When the economy is near the end of the business cycle there tends to be excess leverage taken out by businesses and consumers. The recession washes away the bad loans to get back to equilibrium. It was important for the housing market to cool off after the run in the 2000s because housing became unaffordable. The size of the bubble and the terrible lending standards were the problem, not the recession. There is a notion that just because the current expansion is about to be the longest in over 100 years the economy needs another recession. In fact, the economy doesn’t need another recession because consumers and corporations haven’t taken out excess leverage.

Extreme Recency Bias

There is negative recency bias because the last recession was a disaster and because this expansion has been very long by America’s historical standards. The longer it goes, the stronger the bias gets because people think we are a due for a huge crash. There are obviously solid bearish arguments why stocks should fall and the economy should go into a recession soon, once we have evaluated in the past considerably.
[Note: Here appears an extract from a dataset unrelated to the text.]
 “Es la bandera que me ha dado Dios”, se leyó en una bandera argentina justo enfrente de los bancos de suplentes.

However, claiming personal and corporate leverage are too high is not a good argument.

Consumers Saving Too Much?

Most mainstream articles in finance lament how terrible Americans’ finances are. There are a plethora of articles showing Americans how to save. It’s heresy to say the American consumer is saving too much. The Renaissance Macro Research chart below shows the consumer is saving more than usual after the latest update to this calculation was made. The chart shows when there is a high net worth to income ratio, consumers usually save less money.
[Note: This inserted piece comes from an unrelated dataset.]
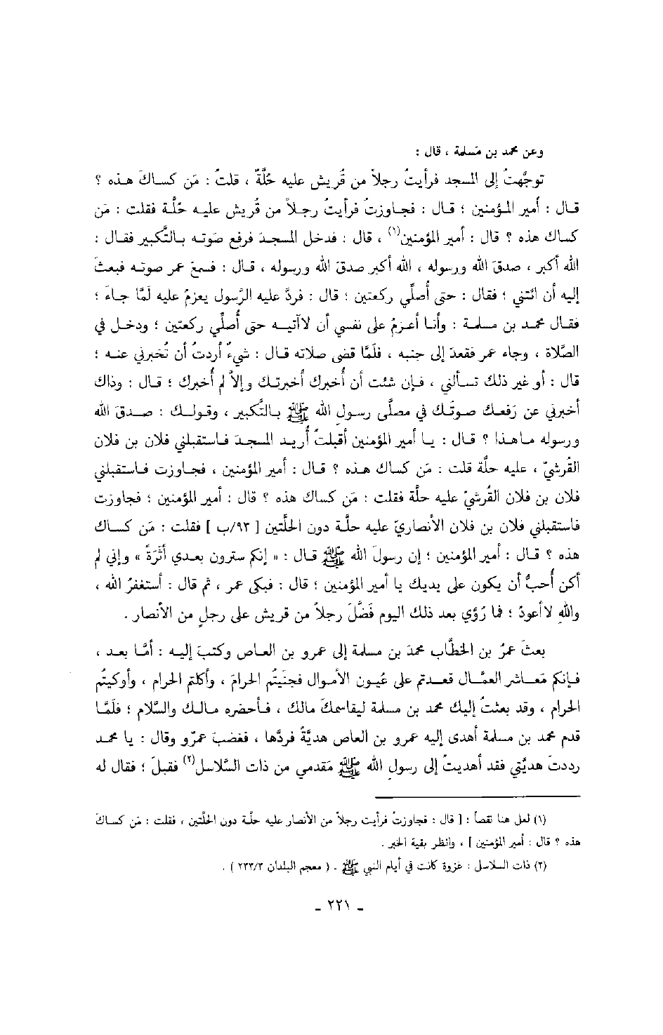 توجهت إلى المسجد فرأيت رجلاً من قريش عليه حلةٌ، قلت: من كساك هذه؟ قال: أمير المؤمنين؛ قال: فجاوزت فرأيت رجلاً من قريش عليه حلة فقلت: من كساك هذه؟ قال: أمير المؤمنين، قال: فدخل المسجد فرفع صوته بالتكبير فقال: الله أكبر، صدق الله ورسوله، الله أكبر صدق الله ورسوله، قال: فسمع عمر صوته فبعث إليه أن ائتني؛ فقال: حتى أصلي ركعتين؛ قال: فرد عليه الرسول يعزم عليه لما جاء؛ فقال محمد بن مسلمة: وأنا أعزم على نفسي أن لا آتيه حتى أصلي ركعتين؛ ودخل في الصلاة، وجاء عمر فقعد إلى جنبه، فلما قضى صلاته قال: شيءٌ أردت أن تخبرني عنه؛ قال: أو غير ذلك تسألني، فإن شئت أن أخبرك أخبرتك وإلا لم أخبرك؛ قال: وذاك أخبرني عن رفعك صوتك في مصلى رسول الله صَلَّى اللهُ عَلَيْهِ وَسَلَّمَ بالتكبير، وقولك: صدق الله ورسوله ما هذا؟ قال: يا أمير المؤمنين أقبلت أريد المسجد فاستقبلني فلان بن فلان القرشي، عليه حلة قلت: من كساك هذه؟ قال: أمير المؤمنين، فجاوزت فاستقبلني فلان بن فلان الأنصاري عليه حلة دون الحلتين فقلت: من كساك هذه؟ قال: أمير المؤمنين؛ إن رسول الله صَلَّى اللهُ عَلَيْهِ وَسَلَّمَ قال: " إنكم سترون بعدي أثرةً " وإني لم أكن أحب أن يكون على يديك يا أمير المؤمنين؛ قال: فبكى عمر، ثم قال: أستغفر الله، والله لا أعود؛ فما رؤي بعد ذلك اليوم فضل رجلاً من قريش على رجلٍ من الأنصار.

Source: Renaissance Macro Research

The theory is that when housing prices and stock prices are increasing, consumers are optimistic about their gains. They feel richer and spend more money. The reality is you shouldn’t expect the good times to continue indefinitely. Asset prices can go down, making it a mistake to shrink your savings. It may end up being a bad idea to buy assets when prices are high, but no one says you need to buy assets with your savings at that point. You can build up a cash position in your portfolio to buy during the next correction when prices of assets fall. This, however, requires lots of patience and discipline.